City receives $1.5m cash, contractor $1.75m, in pier legal settlement

Burlington pier legal feesThe city has received $1.5m cash, and the original pier contractor $1.75m cash, in a legal settlement reached in June related to the pier construction.

In addition, the city won’t be required to pay out $500,000 in holdbacks owed to one of the parties in the lawsuit, bringing the total value of the city’s settlement to $2m. The holdback money was already folded into the pier budget and used to complete the pier.

The original pier contractor, Harm Schilthuis & Sons (HSS), also received additional amounts from various parties to the litigation, bringing the total value of their settlement to $2.4m.

The city was one of nine parties involved in mediation on June 18 and 19 in Toronto related to the pier’s first construction contract.

Several of the parties paid into a “pool” of dollars, out of which some parties were compensated. The details of which parties paid into the pool, and which received money from the pool, was not immediately released, other than that the city and the original contractor are both recipients of funds.

The agreement stipulates that no contribution in any form to the settlement shall be deemed an admission of liability, and any such liability is denied.

The city’s cash from the settlement will essentially cover the city’s external legal costs which were $1.3m before adding in the recent legal costs from the mediation. Once the final legal bill is submitted, the total amount of external legal fees are expected to be released.

The pier cost $14.4 million, plus external legal fees, up from the original budget in 2006 of $6.2 million. The Canada-Ontario Infrastructure Program funded $4.4 million of this amount while Halton Region provided $2.5 million.


  • Read the city’s press release here
  • Read HSS’s press release here: HSS Press Release June 2014
  • Read Hamilton Spectator article here
  • Read Inside Halton article here
  • Read Burlington Post editorial here
  • Watch CHCH coverage here

My Take: I supported the settlement in a unanimous decision at council as the best we could achieve under the circumstances – the full story of which has yet to be told.

Now that the legal matters have been settled there is no reason we can’t begin to set things right and move forward as a community. I believe that in order to do that, we must apologize to residents and the original contractor for how we’ve handled this situation. Second, we must release information that was kept confidential while the matter was before the courts. It’s the right thing to do.

Recognizing that some of the decisions were made by previous councils, and that hindsight is 20/20, this council knew about concerns raised regarding the design of the pier, had multiple offers by the original contractor to redesign and complete the project, and knew retendering would add about $5m to the cost, for a total cost overrun of $8m. I did not support the retendering, as I believed then, as I do now, the quickest and most cost effective way to complete the project was to work with the original parties.

I think where this project got off track was that city councillors failed to remain neutral and objective after the concrete pour failed, and publicly blamed the contractor.

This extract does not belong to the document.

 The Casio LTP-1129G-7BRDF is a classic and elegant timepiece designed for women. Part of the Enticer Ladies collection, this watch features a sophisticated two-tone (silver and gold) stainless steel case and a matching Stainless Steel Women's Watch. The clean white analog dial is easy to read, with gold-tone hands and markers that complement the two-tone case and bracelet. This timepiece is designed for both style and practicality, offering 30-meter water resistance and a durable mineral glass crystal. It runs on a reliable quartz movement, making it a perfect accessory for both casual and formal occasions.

That hampered council’s ability to objectively assess the multiple offers made by the contractor to make design changes and complete the pier. When the project was retendered, design changes were made. Though no parties to the settlement are admitting liability, people will draw their own conclusions about the design changes and the settlement paid to the original contractor.

We also owe it to the public to release the offers made by the original contractor, including the first offer made in September 2010 before the last municipal election, and subsequent offers made in this term of council. What were those offers? Was the cost less than the cost of retendering? You deserve to know, for the sake of transparency and accountability, and an accurate historical record of this significant chapter in the life of our city.

By taking sides in the dispute, council also dragged the contractor’s reputation through the mud, and very nearly bankrupted the company. This is not how the city should treat people who do business with us. We owe them an apology.

To put this chapter behind us, we must understand what happened, and do our best to make it right. I’m confident we can, and will continue to advocate for the release of proposals by the original contractor to complete the project, along with the final external legal bill.